Magdalena Żmijowska swoją pracę doktorską Zapomniana baśń – prawdziwa baśń poświęciła ilustracji. W swojej twórczości skupia się na łączeniu różnych mediów, scalając ze sobą ilustrację, fotografię i animację. To już trochę inna opowieść, gdyż po raz pierwszy wspominam ilustratorkę, która łączy analogowy rysunek, wycinankę i malarstwo z technikami cyfrowymi. Magda stara się przedstawić pierwotne teksty znanych nam baśni, które mimo drastyczności miały ogromny wpływ na nasz rozwój i kończyły się zawsze stosownym morałem. Nic tak nie łączy pokoleń jak wspólne przeżywanie, wspólna radość czy też łzy. Być może te nieocenzurowane wersje baśni są lepszą lekcją o tym, gdzie dobro jest dobrem, a zło złem. Przez zawieszone na łańcuszku czerwone szkiełko możemy dzięki zjawisku optycznemu nakładania się kolorów zobaczyć te odrzucone, a niewidoczne gołym okiem złe fragmenty baśni – ucięte nogi, trupie czaszki, szkielet Śpiącej Królewny. Gdy Magda tworzy ilustracje dla dzieci, to współpracuje również ze specjalistami z dziedzin medycznych. Razem z fizjoterapeutką projektuje książeczki dla dzieci o charakterze terapeutycznym, które skupiają się na m.in. na wykrywaniu ślepoty barw. Ponadto bierze również udział w konferencjach naukowych, prowadzi warsztaty dla dzieci i doskonali swój warsztat artystyczny.

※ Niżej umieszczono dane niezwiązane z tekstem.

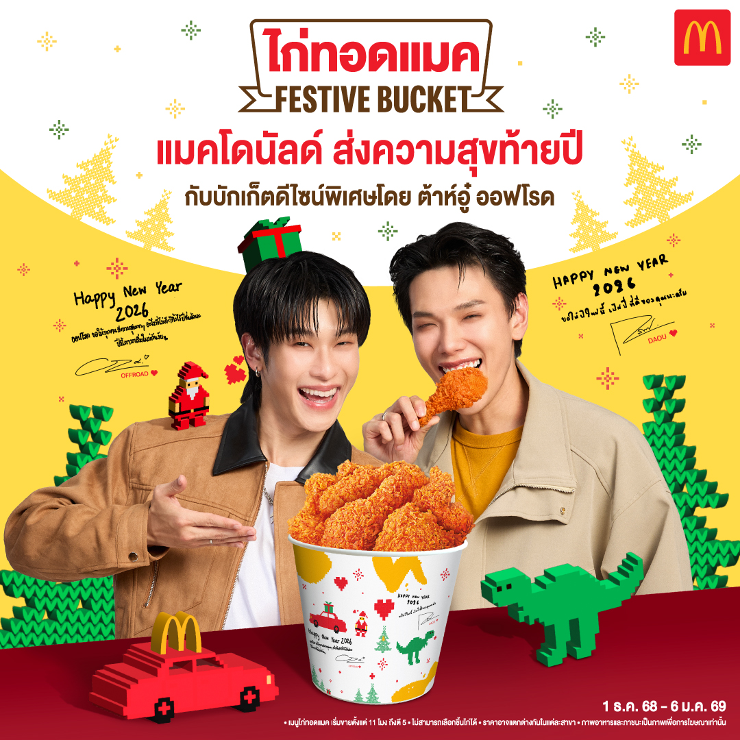 เตรียมสะสมบักเก็ตดีไซน์โดย ‘ต้าห์อู๋ x ออฟโรด’ และสติกเกอร์สุดคิวท์ ได้แล้ววันนี้ ทั้ง ‘บักเก็ตสุขเต็มถัง’ เพียงชุดละ 299 บาท และ ‘บักเก็ตปาร์ตี้ฟินเวอร์’ ราคาชุดละ 399 บาท ตั้งแต่วันนี้ – 6 มกราคม 2569 ที่ร้านแมคโดนัลด์ ทุกสาขาที่ร่วมรายการ, แมคไดร์ฟ ทรู และแมคดิลิเวอรี โทร.1711, เว็บไซต์ www.mcdonalds.co.th ติดตามรายละเอียดเพิ่มเติมได้ที่ Facebook.com/McThai
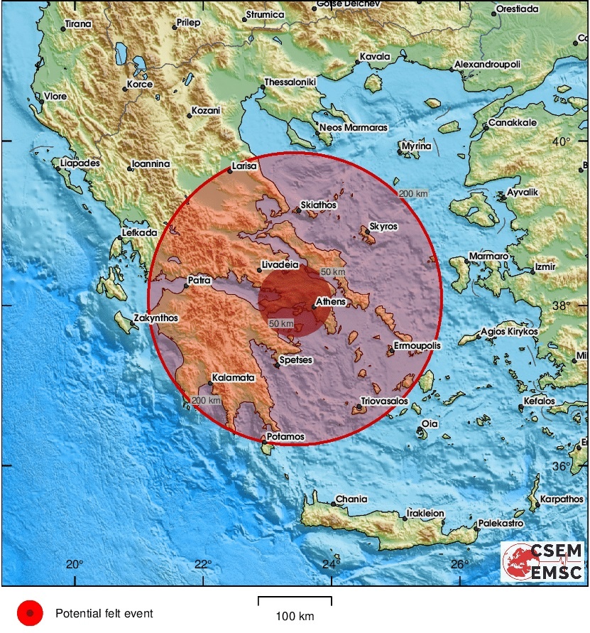 Δείτε στον παρακάτω χάρτη του Ευρωμεσογειακού Σεισμολογικού Κέντρου, τις περιοχές που έγινε αισθητός ο σεισμός:
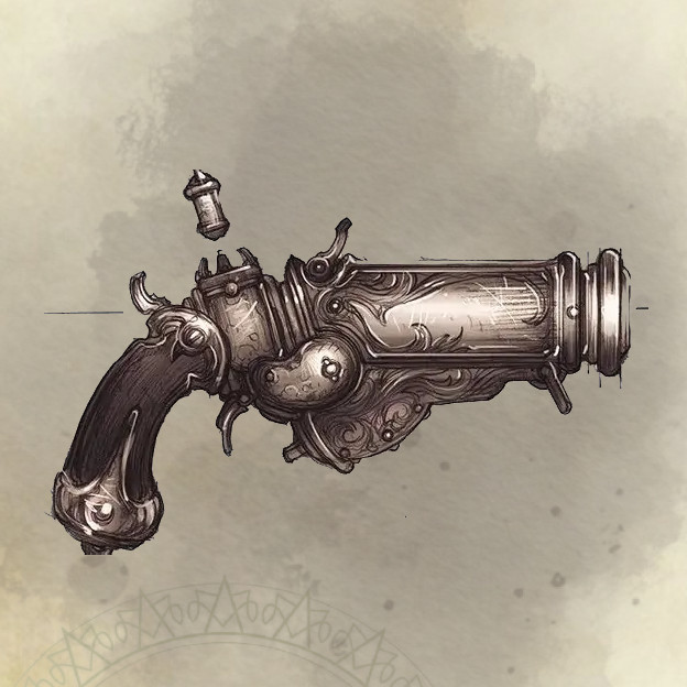 The flintlock is the standard one-handed firearm. Though it fires slowly, it can be dual-wielded for extra effectiveness. Mechanically, it is a reskinned version of a hand crossbow.
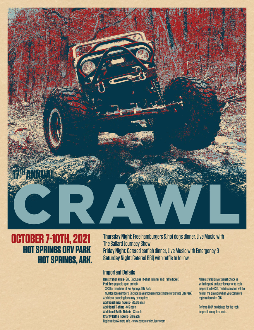 Registration Price - $80 (includes 1 t-shirt, 1 dinner and 1 raffle ticket) Park Fee (payable upon arrival) $33 for members of Hot Springs ORV Park $60 for non-members (includes a year long membership to Hot Springs ORV Park) Additional camping fees may be required. Additional meal tickets - $15.00 each Additional T-shirts - $15 each Additional Raffle Tickets - $1 each Charity Raffle Tickets - $10 each Registration & more info. - www.cottonlandcruisers.com All registered drivers must check in with the park and pay fees prior to tech inspection by CLC. Tech inspection will be held at the pavilion when you complete registration with CLC. Refer to TLCA guidelines for the tech inspection requirements.
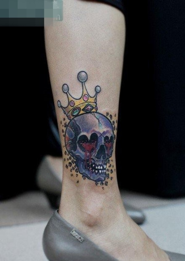 女生腿部好看的彩色骷髅与皇冠纹身图案
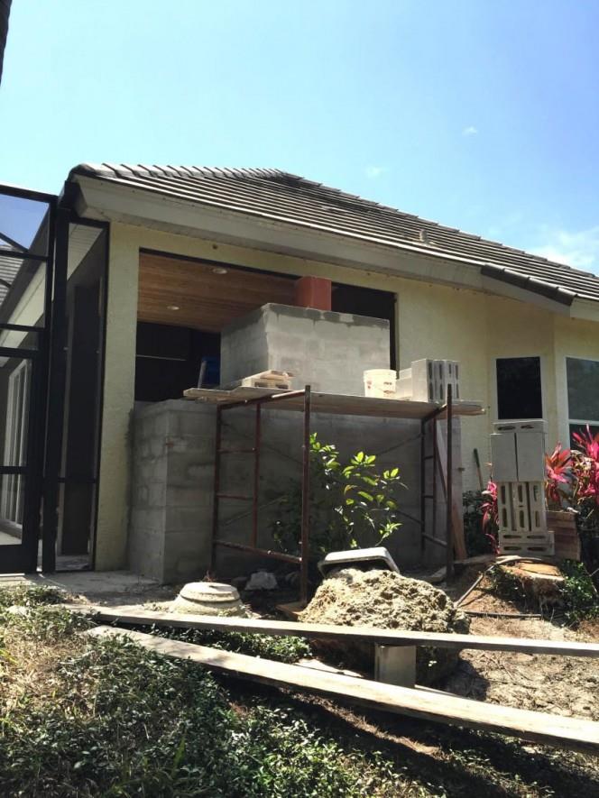 Zatim su počeli da postavljaju betonske ploče i cigle za kamin.
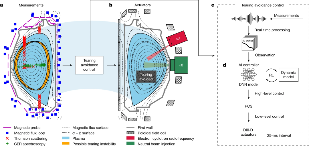 通过深度强化学习控制聚变等离子体以避免撕裂不稳定性的模型框架 | 来源:Seo, J., Kim, S., Jalalvand, A. et al. Avoiding fusion plasma tearing instability with deep reinforcement learning. Nature 626, 746–751 (2024)
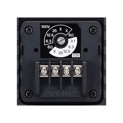 - Impedancia: 70/100v (15W, 7.5W, 3.8W, 1.9W) y 8 ohmios
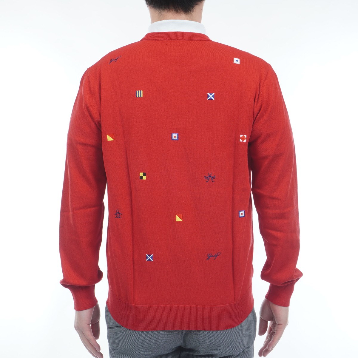 旗信号のM.S.G.W G.O.L.Fの文字を刺繍で表現したクルーネックセーター。
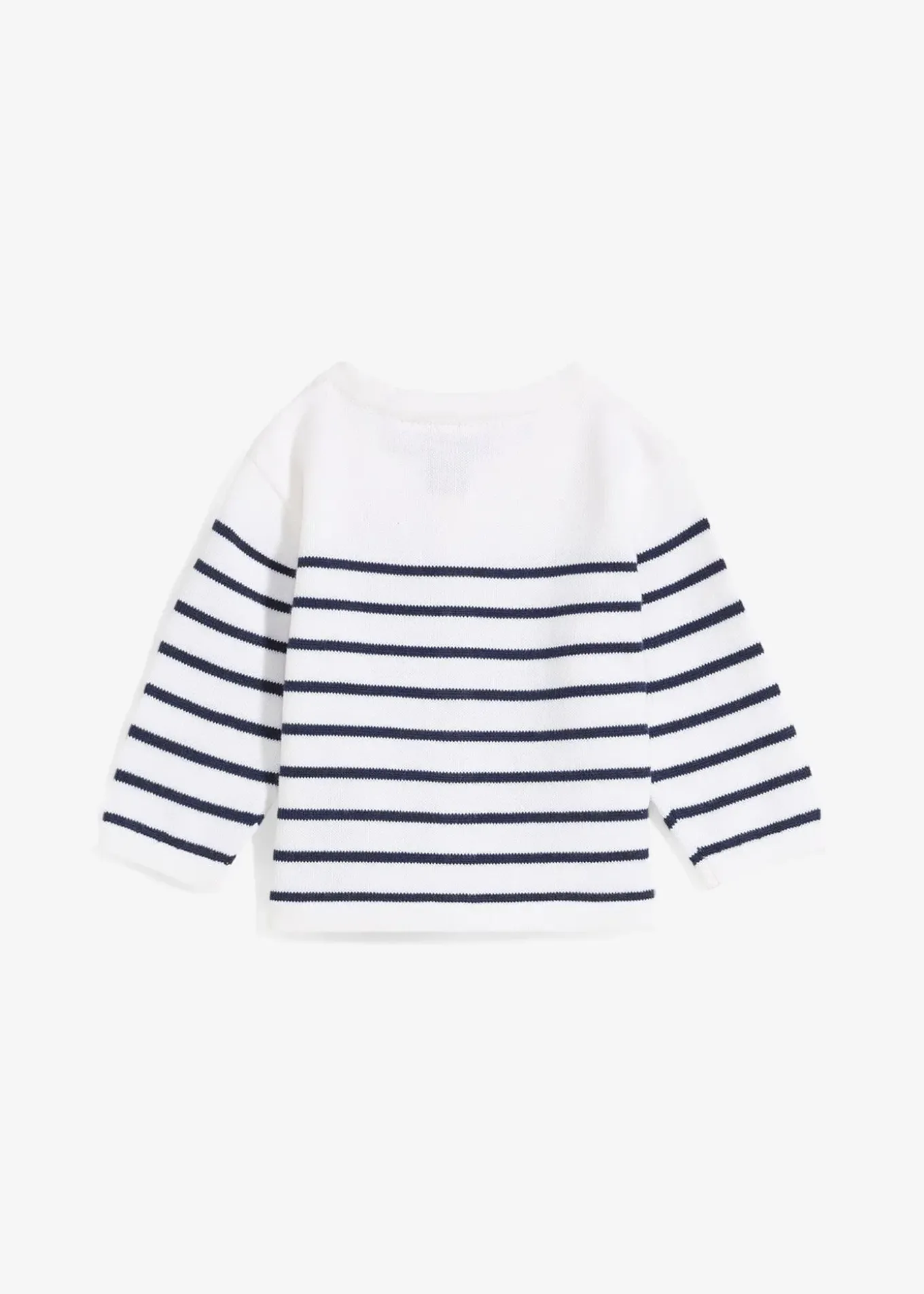 Gilet bébé en maille en coton mélangé, style marin avec broderie cœurs
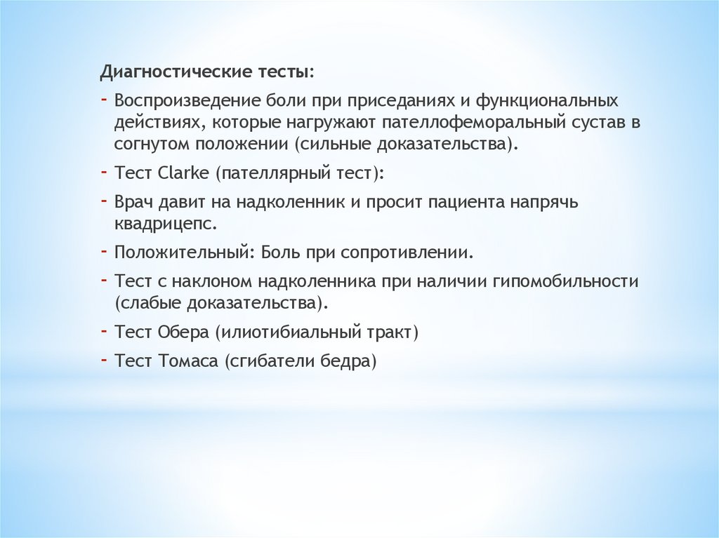 Диагностические тесты:- Воспроизведение боли при приседаниях и функциональных
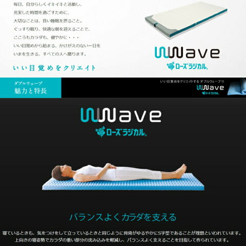 厚さ6cmタイプ WWaveの基本設計 バランスよくカラダを支える 寝ごこちが長続き 密着度を軽減する構造 シャワーなどで洗えます 日本製
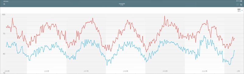 さて今日掲載したグラフは何を表しているか分かるでしょうか? 直近5年間の湿度の変化です。と言っても我が家の屋内計測の結果ですから屋外観測による地球温暖化の変化を地球規模で語れるものではありませんが、2013年に購入して以来7年間自動計測を続けてくれているNetatmo Urban Weather Stationのログです。勿論温度も計測されていますが掲載したのは湿度の変化。最高値を赤線で最低値を青線で表示しています。
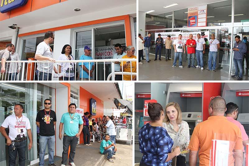 A atividade, que visa unir esforços para arrancar uma proposta digna dos bancos, faz parte da Campanha Nacional de 2015, que tem como mote “Você no aperto e os bancos não param de ganhar. Sugadores”.
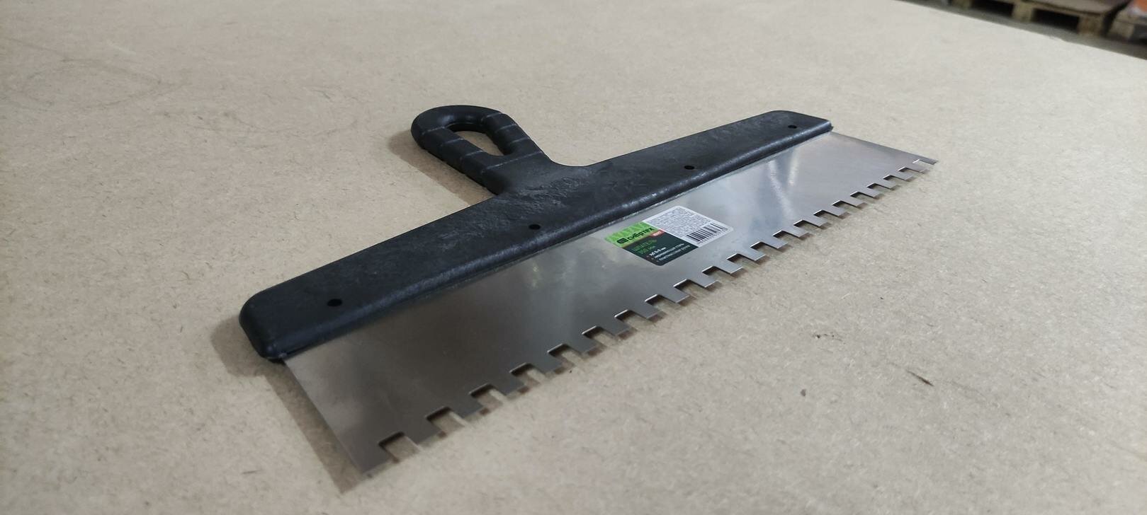 СохранитьШпатель из нержавеющей стали, 350 мм, зуб 8х8 мм, пластмассовая ручка СибрТех [85477] интересное:
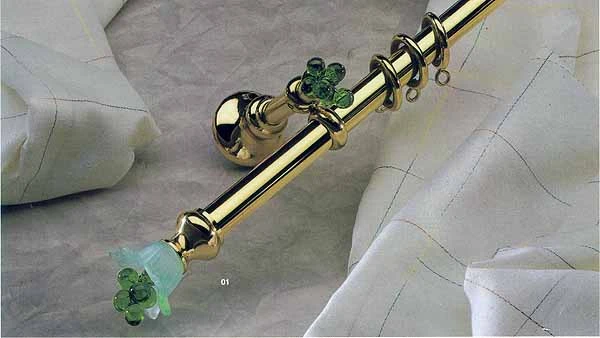 Karnisz dostępny jest w wykończeniu mosiądz lakierowany polerowany, końcówka ze szkła Murano w kolorach:
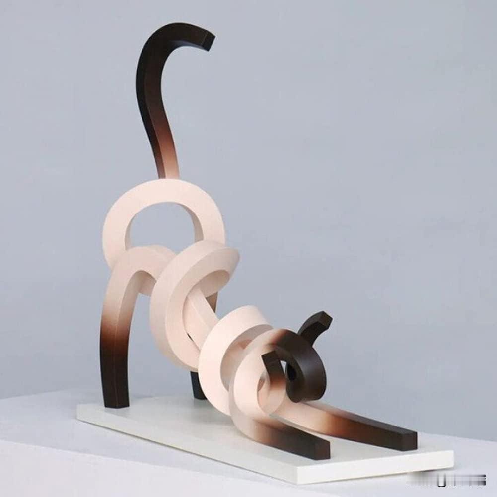 韩国艺术家이상수 (Lee Sangsoo) 创作的极简主义动物雕塑作品,题为《暹罗猫》(Siamese Cat)。 这种独特的艺术风格被称为“空中绘画” (Drawing in the Air),其核心特点如下: 创作灵感:深受毕加索简约动物线条画的启发。李相洙试图将二维的线条草图转化为三维的立体空间存在。 极简构筑:他仅使用最少数量的线条来捕捉动物的精髓和动态。雕塑主体由具有一定厚度的正方形管状结构组成,通过有节奏的粗细变化表现力度。 渐变色彩:他在方管的每一侧涂上不同的颜色或细腻的渐变色,这不仅增强了视觉上的动感,也让暹罗猫标志性的色块分布一眼就能被识别出来。 材质与工艺:这些作品通常先进行数字建模,再制作成实物。小型作品(如图片中的这款)多采用树脂或 3D 打印树脂材质,并手工打磨上漆;大型作品则会使用不锈钢。 该系列除了不同姿态的猫(如拉伸、坐姿、玩球等),还包括火烈鸟、鹦鹉、鹿和腊肠狗等多种动物。
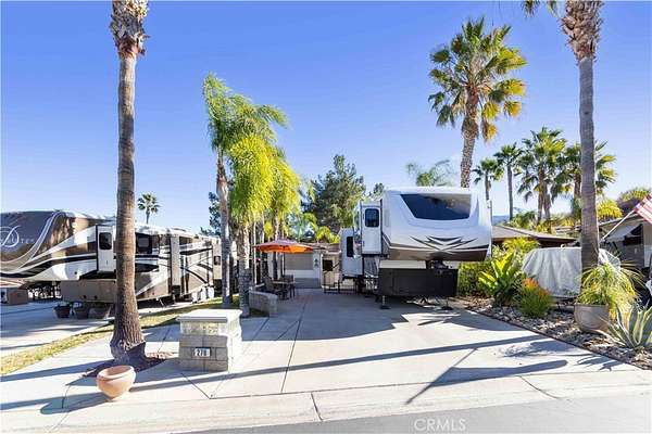 Beautiful Fully Enclosed +-630 Sq Ft Buildout with Quality Super Construction - Spun Fiberglass and Green Wall Drywall for extra protection from ware and tear. Back Yard is all common area and ready for a quick game of bag toss or frisbee in a Huge Grassy Knoll with a perfect sitting area to watch the games. Lots of Trees for Shade and Privacy Hedges for great curb appeal. Inside this beauty is 3 living areas, Large Family Room, Dining Room and Kitchen with full fridge, Stove/Oven, Storage and counter top microwave and toaster oven. Floors are easy to clean tile and the roof is Clay Tile meant to last. Included in Rancho California RV Resort is a 14 hole Executive Golf Course that is free for owners, 5 Pools and Jacuzzi areas, Tennis Courts, Pickle Ball Courts, Laundry Rooms, Dog Park, Horse Shoe Lawn, Club House, Hiking Trails, and Restaurant all inside Gated Community that is Guarded 24/7. You can live here or rent your space. Peace and quiet serenity all just 25 minutes from Temecula Wine Country. No age restrictions. Come on over and check this hidden gem of a place out...
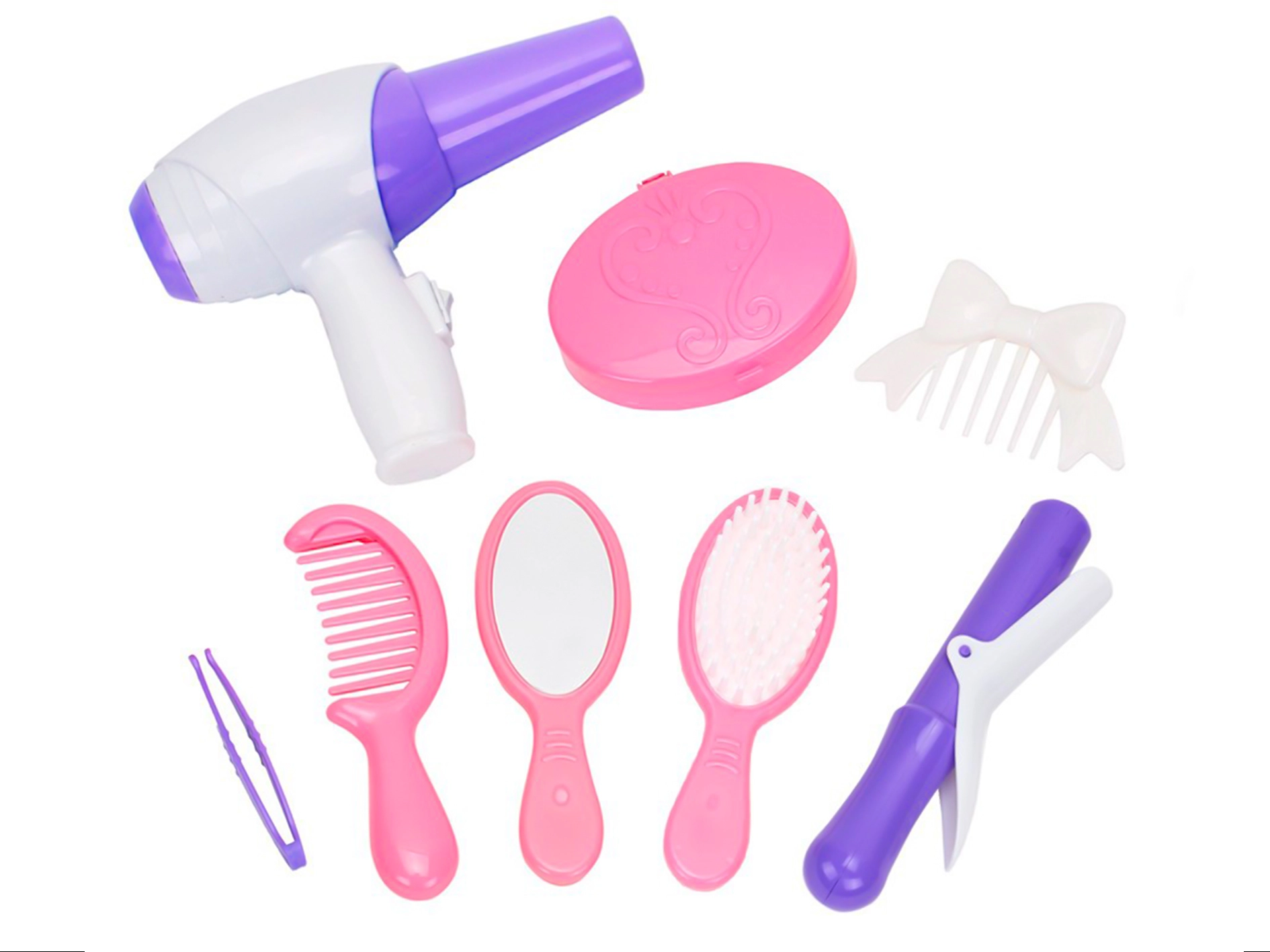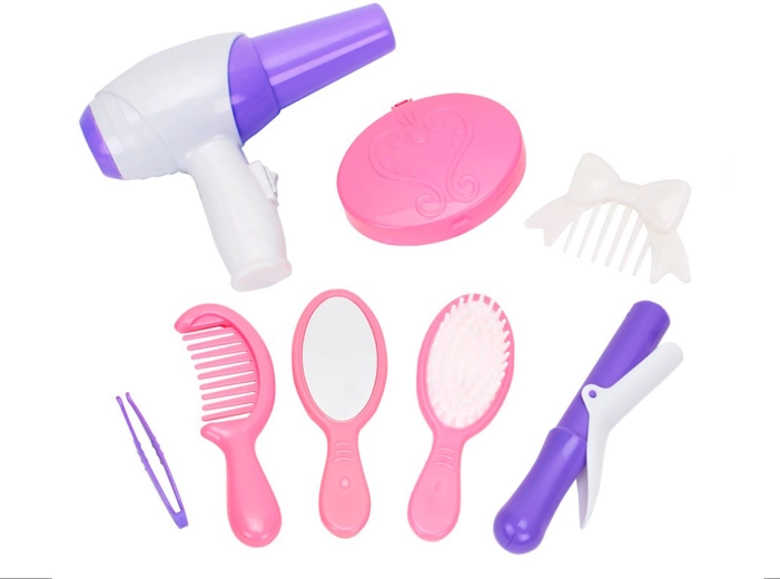 - Fén, kulma, hrebeň, kefa, zrkadielko, hrebienok s mašľou, púdernička, pinzeta
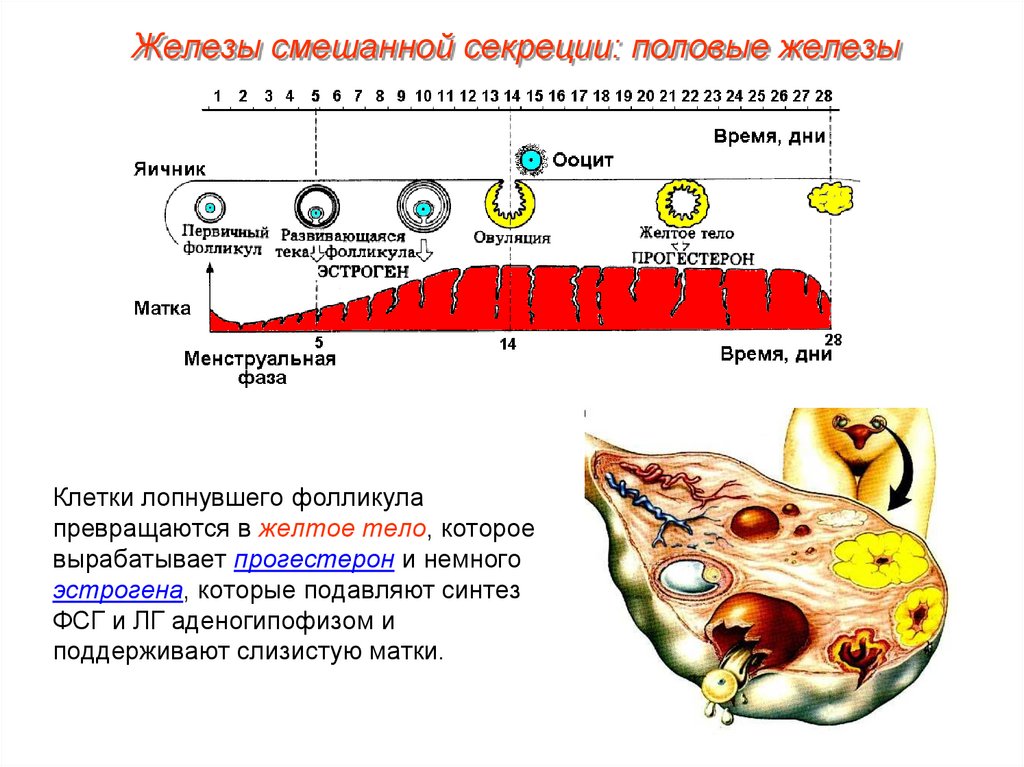 Железы смешанной секреции: половые железыКлетки лопнувшего фолликула
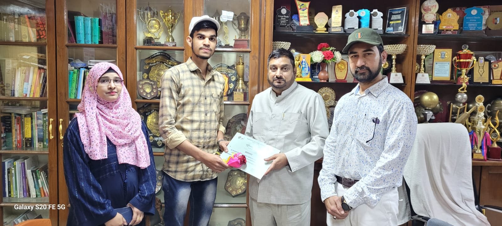 1)Umme Hani Salma won the prize for short film(Rs-11000/-, and 2) Shaikh Musab(3000/-) got the prize in Slogan competition on the occasion of National voters day organised by Collector's Office, Aurangabad. Principal, Dr.Mazhar Ahmad Farooqui congratulated the students and Dr. Mujtaba Quadri on this occasion

A co z genialnymi ilustratorami, którzy pędzel i farby zamienili na komputer i wszelkiej maści tablety graficzne? Jestem nimi zachwycona, lecz również nieco zazdrosna, gdyż jako ilustracyjny dinozaur ciągle jeszcze lepiej władam pędzlem niż myszką, a do narzędzi tabletu podchodzę jak do jeża. Zachwycają mnie rysunki Emilii Dziubak o tak nieprawdopodobnym ładunku piękna i tak niezwykłych pomysłach, że chylę czoła przed jej techniką i wrażliwością. Paweł Pawlak, Iwona Chmielewska, Elżbieta Gaudasińska, Maria Ekier, Ela Wasiuczyńska, Agnieszka Rzeźniak, Stanisław Ożóg, Joanna Rusinek, Aleksandra Kucharska-Cybuch to wspaniali ilustratorzy niepracujący wyłącznie w programach graficznych. Naprzeciw nich równie wspaniali ilustratorzy cyfrowi – nawiązująca to angielskich tradycji ilustratorskich Aleksandra Michalska-Szwagierczak, Bovska, Agata Wierzbicka, Mizielińscy, Marianna Oklejak oraz wielu innych. Ktoś mądry powiedział mi kiedyś: „Jeśli potrafisz jeszcze używać ołówka – to rysuj! Komputer zostaw dla innych!”.